Between May 2004 and August 2005, ATF agents, in conjunction with Virginia state, county, and city police, conducted an operation at eight gun shows in the Richmond area to reduce straw purchases for criminals. In a February 2006 House subcommittee hearing, the show's owner said: "People were approached and discouraged from purchasing guns. Before attempting to purchase, they were interrogated and accused of being in the business without a license, detained in police vehicles, and gun buyer's homes were visited by police, and much more." A gun salesman testified that he was singled out for harassment by two ATF agents. The owner of a gun shop testified that he thought agents questioned female customers too often. He said that times had changed and more women were shopping for guns, adding: "It seems, however, to be the prevailing opinion for law enforcement at the gun show that any woman who brings a male friend for advice or support must be making a straw purchase." A private investigator said the National Rifle Association (NRA) contracted her to go to Richmond to investigate dozens of complaints by NRA members of "massive law enforcement presence, residence checks, and minority buyers being followed, pulled over and their legally purchased guns seized." The purchasers were compelled by an ATF letter to appear at ATF offices to explain and justify their purchases. ATF stated this was a pilot program that ATF was planning to apply throughout the country. In Pittsburgh, Pennsylvania, ATF agents visited a gun show's customers' homes a week after the show, demanding to see the buyers' guns or sale paperwork and arresting those who could not—or would not—comply.

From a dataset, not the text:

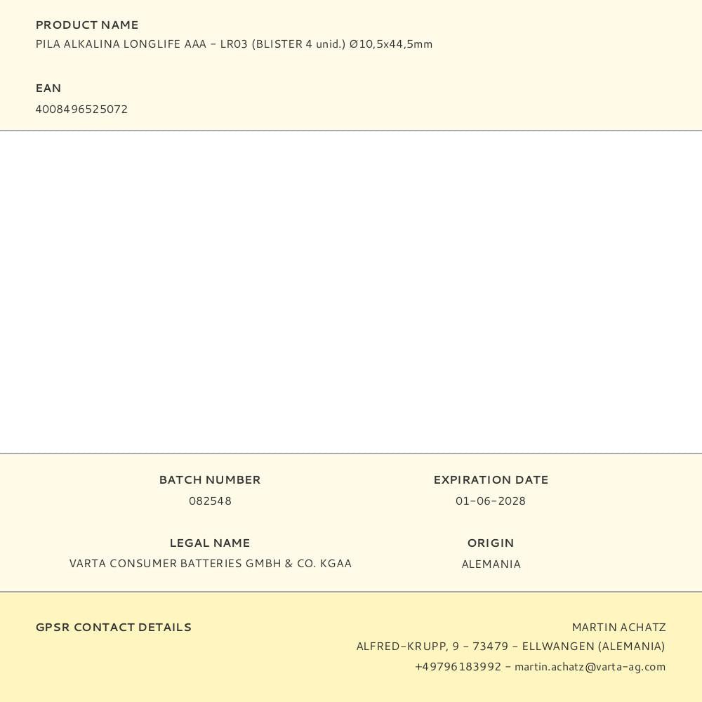 Varta 4103. Tipo de bateria: Bateria descartável, Tamanho da pilha: AAA, Tecnologia da bateria: Alcalino. Altura: 44,5 mm, Diâmetro: 1,05 cm, Peso: 11 g. Peso da embalagem: 49 g. Tamanho da embalagem: 80 x 12 x 120 mm, Factor de forma de bateria: Cilíndrico

A September 2008 report by the Justice Department's Office of the Inspector General determined that 76 firearms and 418 laptop computers were lost, stolen, or missing from ATF, after a 59-month audit period between 2002 and 2007.

In May 2008, William Newell, Special Agent in charge of the Phoenix ATF Office, said: "When 90 percent-plus of the firearms recovered from these violent drug cartels are from a U.S. source, we have a responsibility to do everything we can to stem the illegal flow of these firearms to these thugs." According to the Justice Department's Office of the Inspector General, "ATF told the OIG that the 90-percent figure ... could be misleading because it applied only to the small portion of Mexican crime guns that are traced." Under operations "Fast and Furious", "Too Hot to Handle", and "Wide Receiver", indictments show that the Phoenix ATF Office, over protests from the gun dealers and some ATF agents involved and without notifying Mexican authorities, facilitated the sale of over 2,500 firearms (AK-47 rifles, FN 5.7mm pistols, and .50 caliber rifles) to traffickers destined for Mexico. Many of these same guns are being recovered from crime scenes in Arizona and throughout Mexico, which is artificially inflating ATF's eTrace statistics of U.S. origin guns seized in Mexico. One gun is alleged to be the weapon used by a Mexican national to murder Customs and Border Protection Agent Brian Terry on December 14, 2010. ATF and DOJ denied all allegations. After appearing at a Congressional Hearing, three supervisors of Fast and Furious (William G. McMahon, Newell, and David Voth) were reported as being transferred and promoted by ATF. ATF denied the transfers were promotions.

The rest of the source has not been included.